QUIRKY WORLD ... On the lamb: Police hunt down sheep robbers

ENGLAND: Three men are being questioned on suspicion of theft after police spotted some sheep being transported through the suburbs in the back of a people carrier.

West Midlands Police said officers on patrol spotted the Ford Galaxy’s unusual cargo while on patrol in Hob Moor Road in Yardley, Birmingham, in the early hours of Tuesday.

The driver initially tried to evade police but the Ford was later abandoned by three men after hitting a parked car, a spokesman for the force said.

Police then tracked down the suspected occupants after a search of nearby gardens involving dog units and a helicopter.

One suspect was found hiding up a tree, and another was discovered in a conservatory.

The three lambs have since been rehomed at a farm in Sheldon as officers attempt to trace their owners.

A spokesman said three male Romanians, aged 22, 27 and 28, were in police custody on suspicion of theft.

Inspector Paul Southern said: “It’s not every day we recover live stolen property, but the lambs seem none the worse for their adventure.

“We are now trying to trace where they came from and are asking farmers to check their flocks to see if they have any missing.”

Poser gets jail


A teenager who toured an Ohio high school while posing as a state senator has been sentenced to jail.

A judge sentenced Marion resident Izaha Akins to three months in jail. But the 18-year-old will need to serve only a little over a month more because he’s already spent close to two months in jail.

Akins pleaded guilty in March to impersonating a peace officer. The charge includes anyone who poses as a state employee.

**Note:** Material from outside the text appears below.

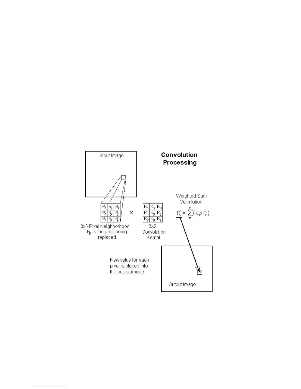 pixels. A similarly dimensioned convolution kernel multiplies each pixel in the neighborhood. The
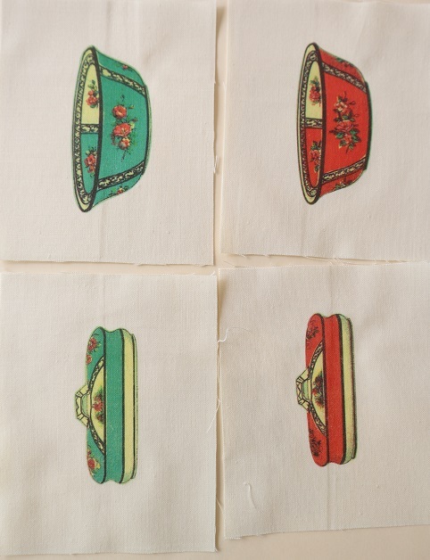 生成のシーチングコットンに転写プリントされたものです。イギリス・ヴィクトリアンデザイン 11枚セット パッチワークやポーチなどのアクセントにお使い下さい。サイズピッチャー7.6cmx7.5cm ボウル8.0cmx3.7cm 横長の小物入れ 7.1cmx2.8cm 丸型 5.5cmx4.1cm バケツ型6.8cmx7.0cm

Authorities say Akins spoke to a government class at Mohawk High School in Sycamore last December. School officials didn’t realize they’d been duped until weeks later.

His attorney has said Akins is sorry for the negative attention he brought to the school, but he’s glad it pushed schools to improve their security procedures.

Ruby shines again


A dog almost blinded and left fighting for life after chewing a disinfectant bottle has made an amazing recovery.

Jack Russell cross Ruby briefly got her paws on the bottle and a small amount splashed in her face. The next day, owner Gary James, 44, from Poole, found the 11-year-old dog struggling to breathe.

He rushed Ruby to Bournemouth PDSA Pet Hospital where she was admitted for emergency treatment. PDSA vet Emily Sharp said: “Ruby had a lucky escape from a horrific ordeal.”

Inspired thinking


A primary school teacher in New Jersey wrote inspirational messages directly on her students’ desks before they started days of high-pressure tests.

Chandni Langford’s pupils, aged 10 and 11, walked into class at Evergreen Avenue Elementary School in Woodbury to find messages from her, including: “Learning is your superpower!” and “There is no elevator to success, you must take the stairs!”

Photos of the desks on the district’s Facebook page have been shared more than 10,000 times.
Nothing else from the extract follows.